The point at issue in the case was whether the acquisition costs
of dumps of 'tailings' were an allowable deduction of the company's
trade for tax purposes, i.e. was the expenditure to acquire a mine
to work, or was it to acquire stock in trade.
The company was set up to sell gold extracted from
'tailings', i.e. the residuals that remained after the extraction
of gold from mined ore, by means of a re-treatment process. The
company acquired the rights in certain dumps of tailings and
claimed a deduction for the purchase costs.

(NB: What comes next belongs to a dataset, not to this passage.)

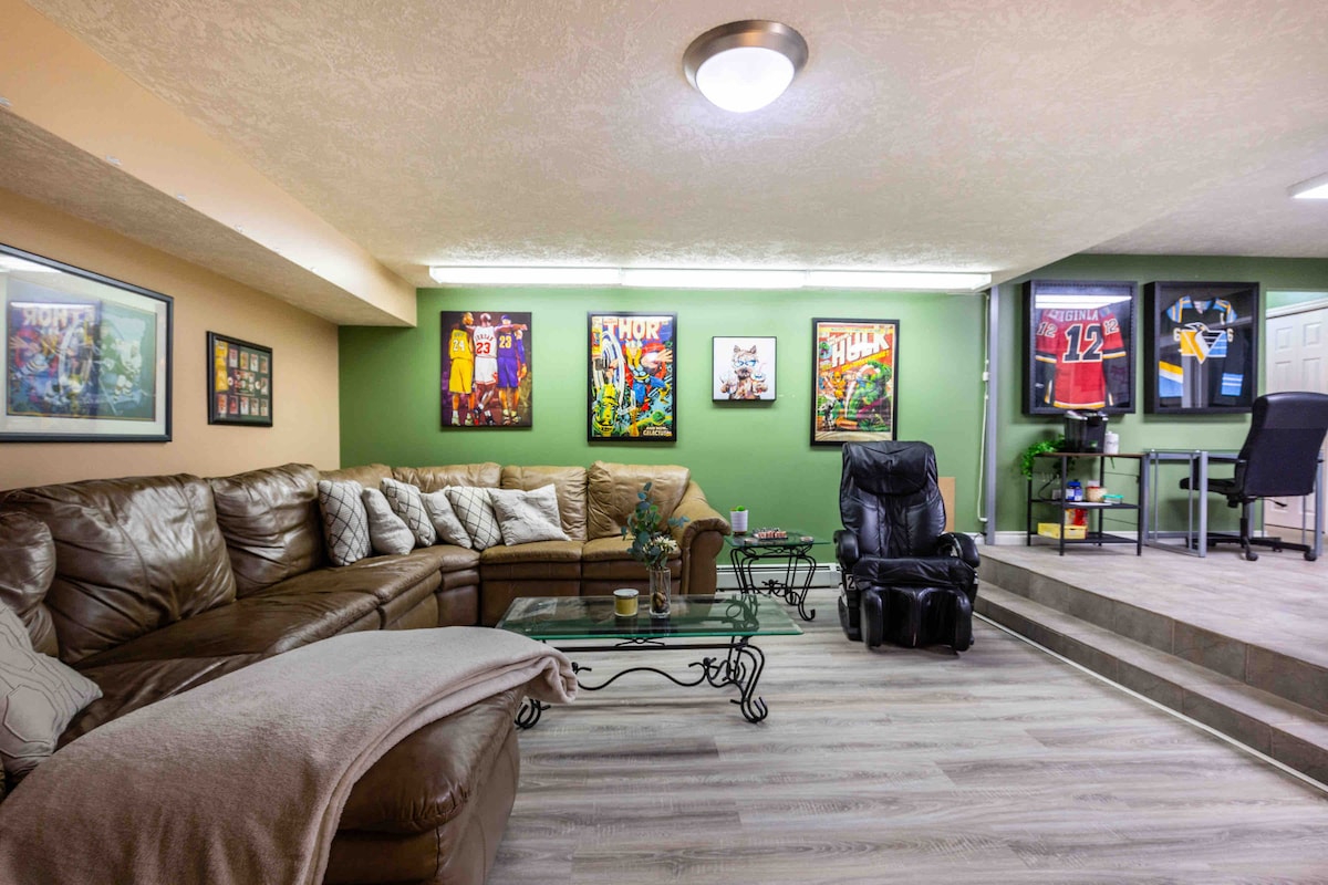Welcome to this thoughtfully modeled unique entertainment themed basement suite located just minutes from the heart of Edmonton’s downtown. While this suite gives you the home away from home feel, it is perfect for letting loose and having some fun. It’s location is ideal for getting to many popular destinations throughout the city within minutes, such as a 5 minute drive to Rogers Place Ice District, 12 minutes to Whyte Avenue, and many more of Edmonton’s top rated attractions.

The company contended that its trade did not include mining,
the dumps did not form part of the land on which they were
situated, and the expenditure was on raw materials for its
re-treatment trade.
The General Commissioners decided that the company was not
entitled to the deduction claimed, a view supported by Finlay J. in
the High Court who thought, at page 294, that
"… this was analogous rather to a right
to mine than to the purchase in bulk of a
stock-in-trade”. However, the Court of Appeal held
that the expenditure was on stock-in-trade and therefore allowable.
Lord Hanworth quoted Channell J's comments in The Alianza
Company Ltd v Bell [1905] (5TC60 and 172), at p.299, with
approval:
" The question in this case which we have to consider is what is the nature of the adventure or concern which this particular company is carrying on. If it is a manufacturing business, then the procuring of the raw material would not be a capital expenditure. But if it is like the working of a particular mine or bed of brick, earth, and converting the stuff worked into a marketable commodity, then the money paid for the prime cost of the stuff so dealt with is just as much capital as the money sunk in machinery or buildings."
He also noted, in respect of the 'tailings', that:
" They had not to win them from the soil; they had been gotten already" and that " The present facts seem to point to a manufacturing business applied to raw material already won and gotten".